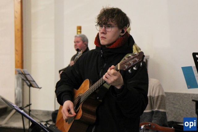 Baltazar, Kacper i Melchior prowadzeni przez gwiazdę betlejemską, a za nimi tłum mieszkańców Ostrowi Mazowieckiej, na trasie kościół pw. WNMP - kościół pw. Chrystusa Dobrego Pasterza.
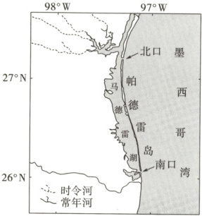2. 马德雷湖位于墨西哥湾沿岸(下图),水体较浅,湖水盐度通常维持在50‰以上。据此完成(1)~(2)题。
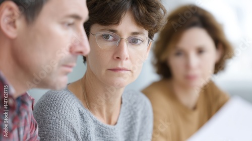 Three individuals engaged in a serious conversation, with one woman intently focusing on a man while another woman observes in the background.
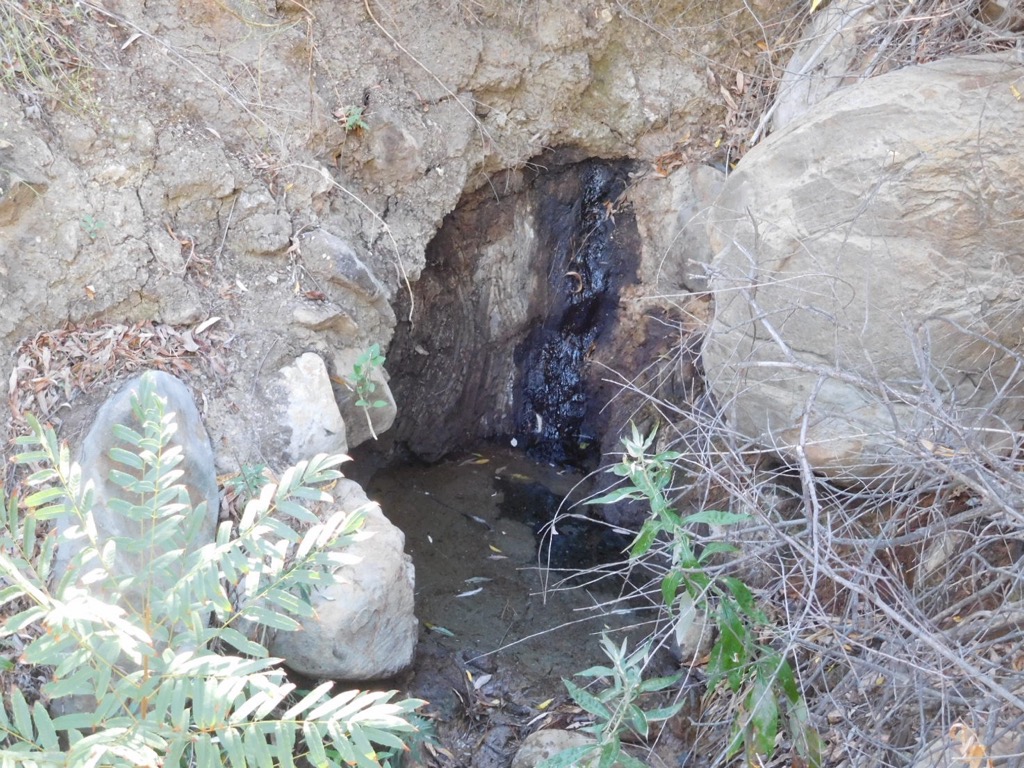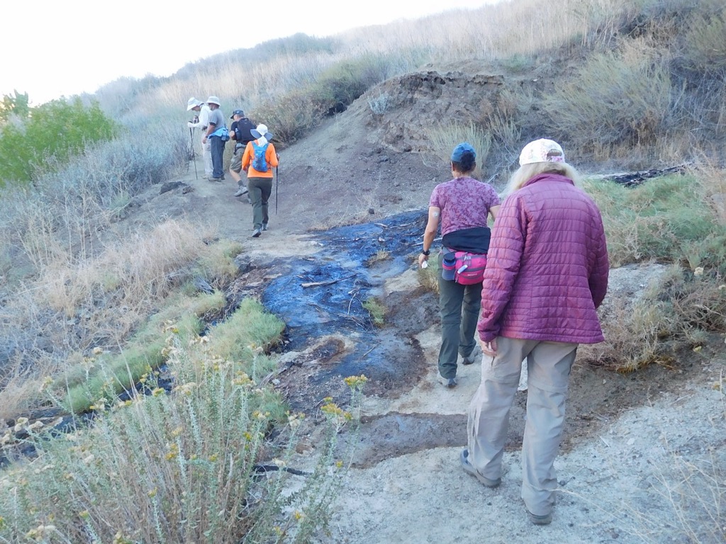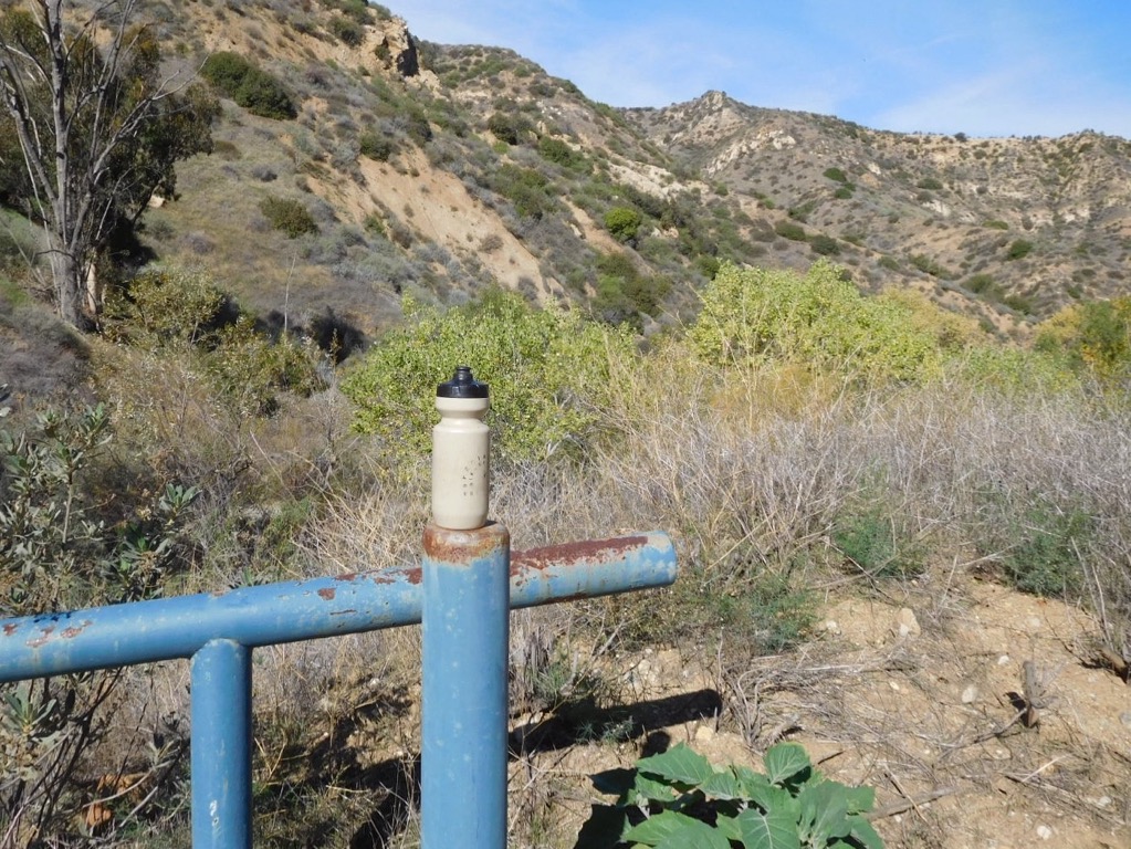 The hikers turned right and began hiking the T23 loop which took them along a dirt road/trail that led downward through an oak woodland toward its eastern junction (1,276’) with itself. They then turned right (leaving the loop) and descended into Chivo Canyon (1,224’) where they took a short break at the ever-popular oil seep. They then retraced their steps to the T23 loop where they took the right fork and followed T23 back to the narrow pass, completing the loop, where they returned to the original trailhead. They completed their mostly pleasant outing having hiked 5.1 miles with a total elevation gain/loss of 713’. Several rabbits and some birds were seen along the way, along with a few other hikers, and lots of bicyclists, on a pleasant Saturday morning.
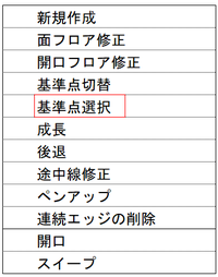 メニューバーより〔フロア(R)〕-〔基準点切替(B)〕を選択、またはマウスの右クリックでボップアップメニューを表示し、〔基準点切替〕を選択することで、半時計回りに基準点が移動します。
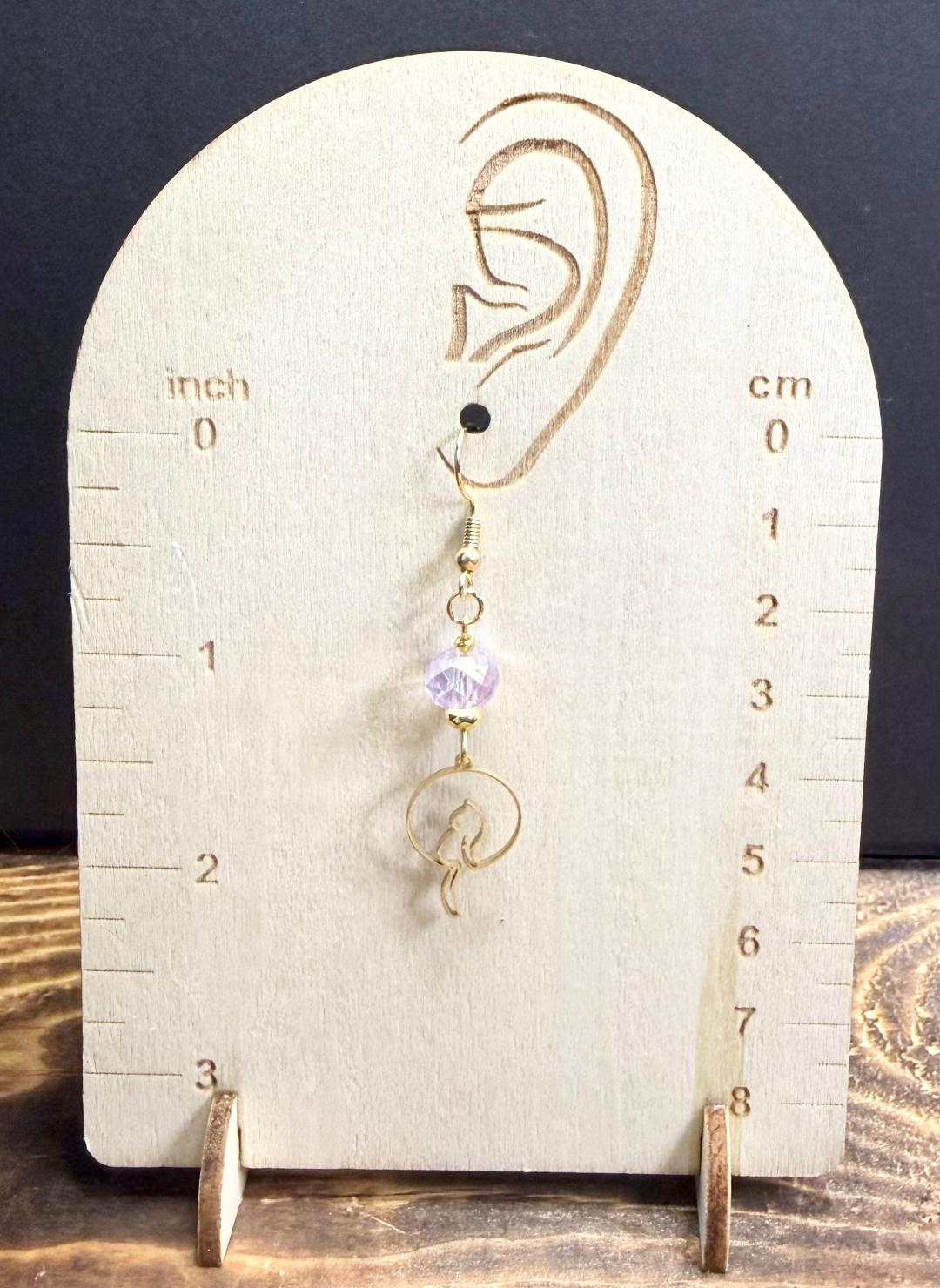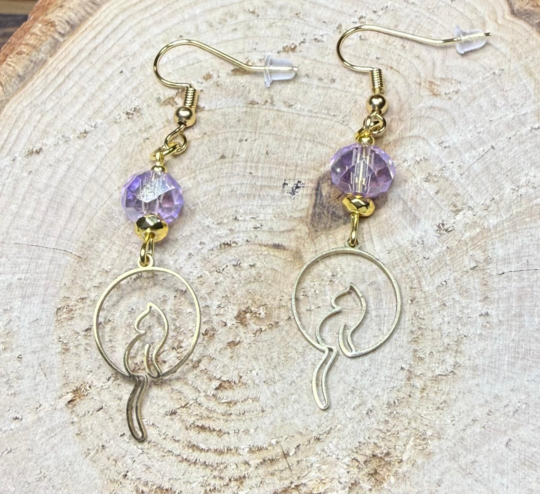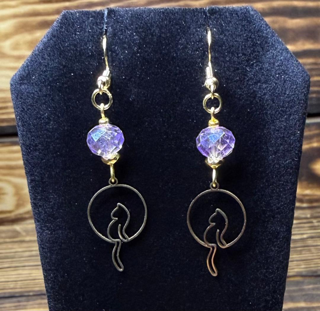 NEW GOLD DANGLING TAIL CAT EARRINGS W/ LAVENDER BEADS
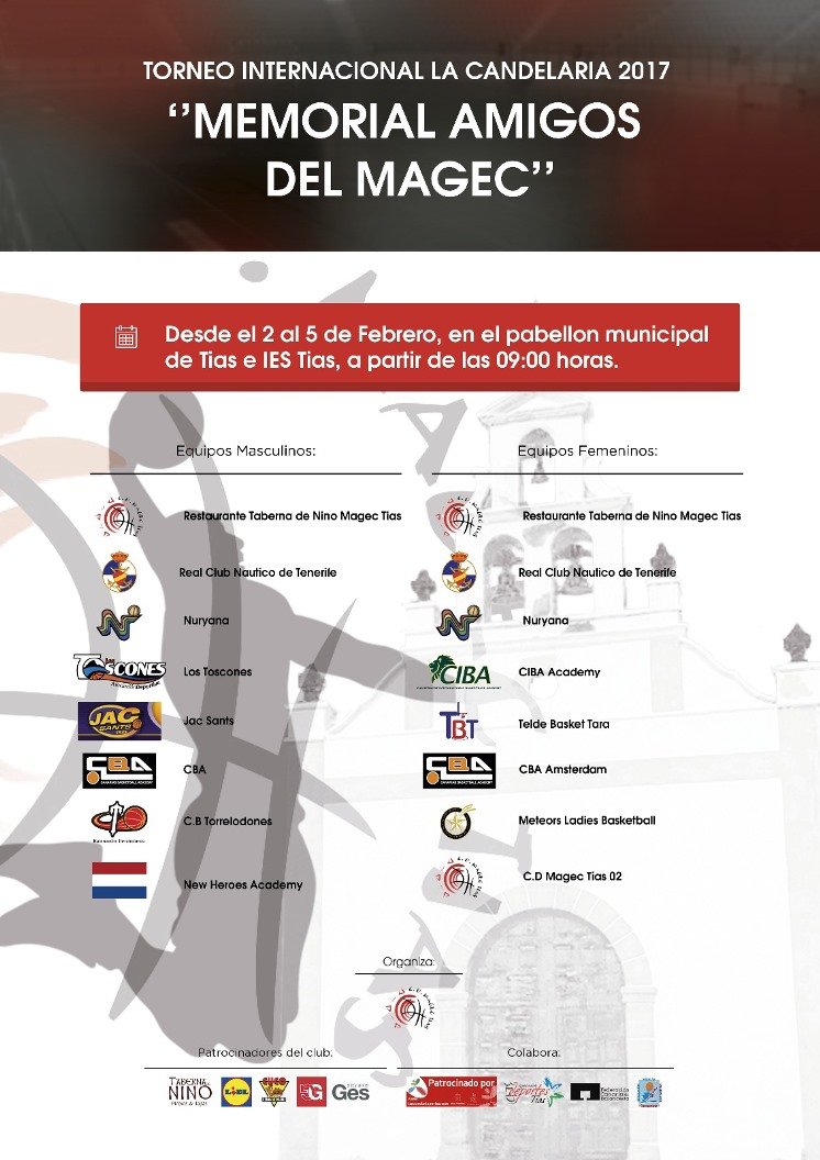 The XX La Candelaria International Tournament 2017 "Memorial Amigos del Magec" is organized by the Club Deportivo Magec Tías. It is sponsored by the Taberna de Nino Restaurant, Lidl, Hamburguesería Cuco and Seguros GES and with the collaboration of the Island Sports Service of the Cabildo de Lanzarote, Department of Sports of the Tías City Council, Canary Basketball Federation and Island Basketball Delegation of Lanzarote.

————

* **EXERCISE DIRECTIONS**: Word for word, repeat the lines above from the one with "2. 马德雷湖位于墨西哥湾沿" through the one with "NEW GOLD DANGLING", and nothing beyond them. Omit the pictures.

* **RESPONSE AREA**:
2. 马德雷湖位于墨西哥湾沿岸(下图),水体较浅,湖水盐度通常维持在50‰以上。据此完成(1)~(2)题。
 Three individuals engaged in a serious conversation, with one woman intently focusing on a man while another woman observes in the background.
 The hikers turned right and began hiking the T23 loop which took them along a dirt road/trail that led downward through an oak woodland toward its eastern junction (1,276’) with itself. They then turned right (leaving the loop) and descended into Chivo Canyon (1,224’) where they took a short break at the ever-popular oil seep. They then retraced their steps to the T23 loop where they took the right fork and followed T23 back to the narrow pass, completing the loop, where they returned to the original trailhead. They completed their mostly pleasant outing having hiked 5.1 miles with a total elevation gain/loss of 713’. Several rabbits and some birds were seen along the way, along with a few other hikers, and lots of bicyclists, on a pleasant Saturday morning.
 メニューバーより〔フロア(R)〕-〔基準点切替(B)〕を選択、またはマウスの右クリックでボップアップメニューを表示し、〔基準点切替〕を選択することで、半時計回りに基準点が移動します。
 NEW GOLD DANGLING TAIL CAT EARRINGS W/ LAVENDER BEADS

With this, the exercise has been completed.